> Instructions for the task
With the line containing "Fits the Apple" as the final line, restate exactly every line of the data below from the first one onward, and copy no pictures.
START Data excerpt
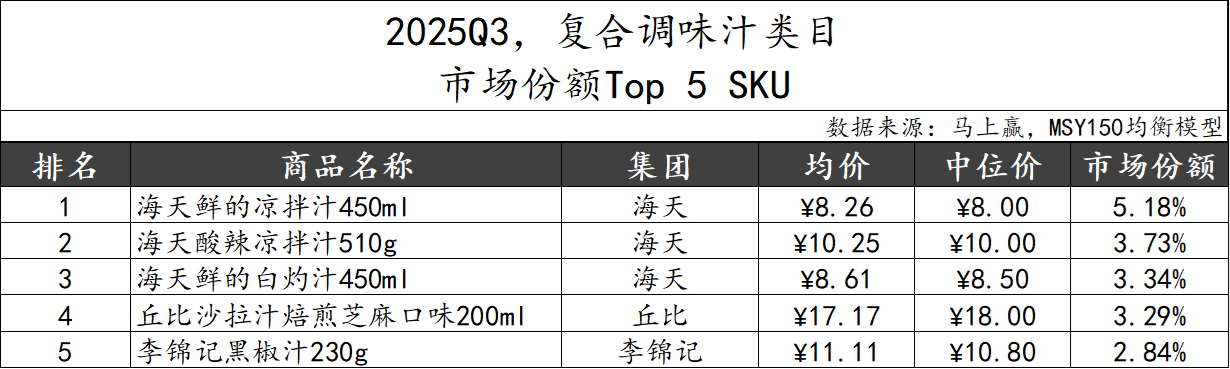 2025Q3,复合调味汁类目市场份额TOP 5 SKU中,海天以丰富的产品矩阵占据前三席,丘比则以经典中高端产品“沙拉汁焙煎芝麻口味”跻身第四,李锦记也有一款“黑椒汁”进入榜单。TOP 5 SKU的口味和适用场景均不完全相同,显示出复合调味汁市场的多元化竞争态势。
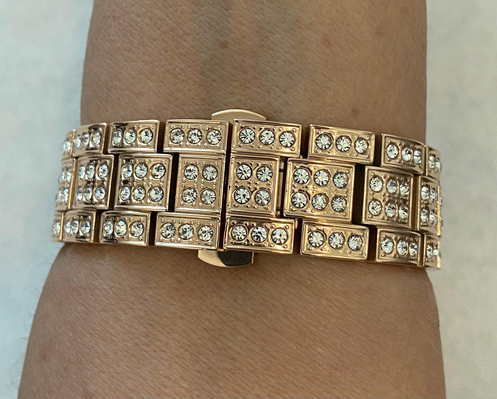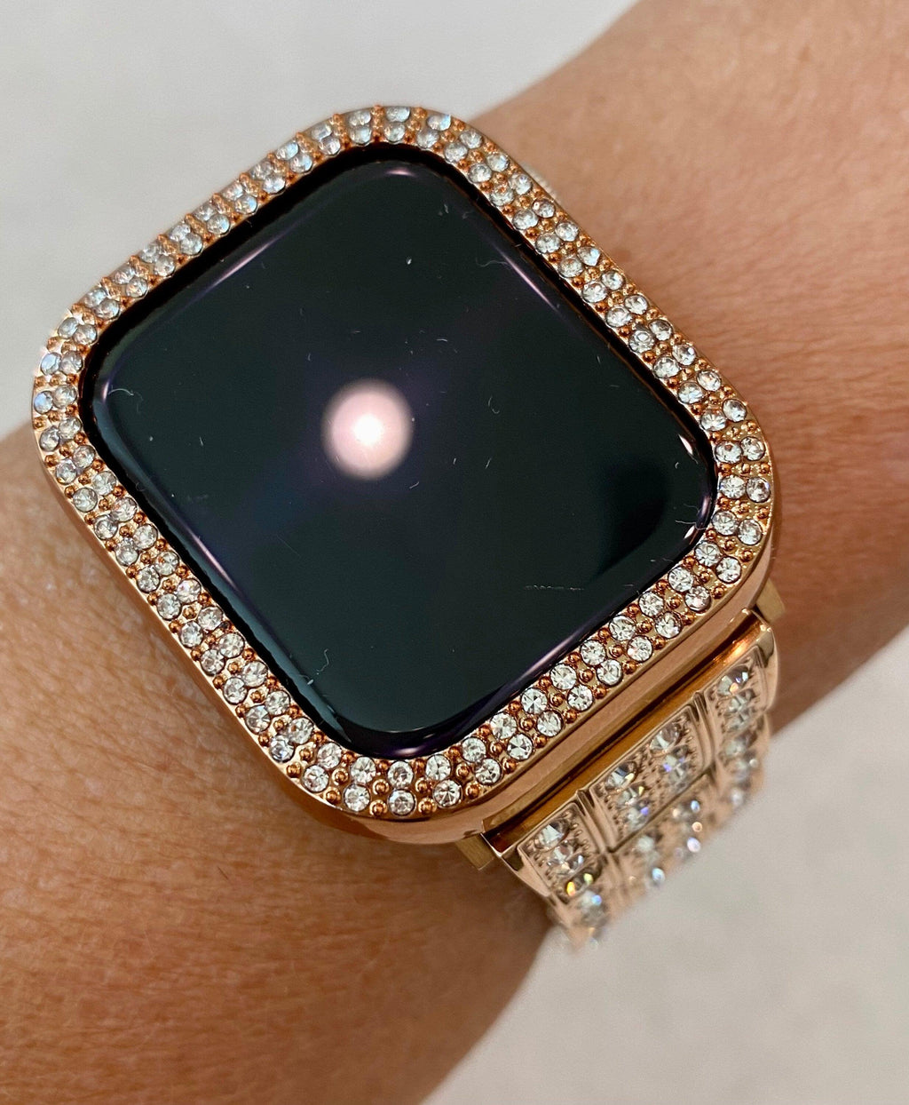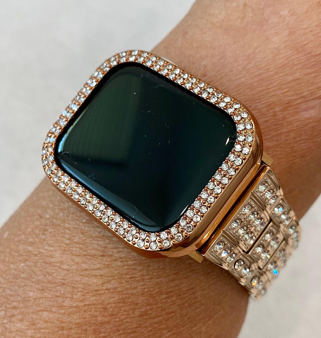Fits the Apple Watch Sizes 38mm 40mm 41mm 42mm 44mm 45mm 46mm 49mm Ultra 1/2/3 Series 2-11 SE. Premium Rose Gold Stainless Band with large 3mm High End Swarovski Crystals with a premium Butterfly Buckle Closure & or Poly Carbonate Rose Gold Metallic Case with two rows of sparkling Swarovski Crystals. Easy snap on case with access to all buttons in a durable poly carbonate (plastic). There is no screen protector and the case is not metal.
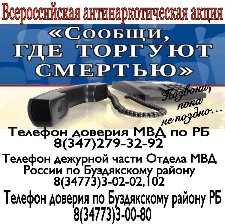 В период с 15 по 26 марта 2021 года на территории муниципального района Буздякский район Республики Башкортостан проводится I этап акции «Сообщи, где торгуют смертью», целями которой является привлечение внимание общественности к противодействию незаконному обороту наркотиков, предупреждение распространения наркомании среди несовершеннолетних, выявление фактов их вовлечения в преступную деятельность, связанную с незаконным оборотом наркотиков.
END Data excerpt
> Solution for this task
 2025Q3,复合调味汁类目市场份额TOP 5 SKU中,海天以丰富的产品矩阵占据前三席,丘比则以经典中高端产品“沙拉汁焙煎芝麻口味”跻身第四,李锦记也有一款“黑椒汁”进入榜单。TOP 5 SKU的口味和适用场景均不完全相同,显示出复合调味汁市场的多元化竞争态势。
Fits the Apple Watch Sizes 38mm 40mm 41mm 42mm 44mm 45mm 46mm 49mm Ultra 1/2/3 Series 2-11 SE. Premium Rose Gold Stainless Band with large 3mm High End Swarovski Crystals with a premium Butterfly Buckle Closure & or Poly Carbonate Rose Gold Metallic Case with two rows of sparkling Swarovski Crystals. Easy snap on case with access to all buttons in a durable poly carbonate (plastic). There is no screen protector and the case is not metal.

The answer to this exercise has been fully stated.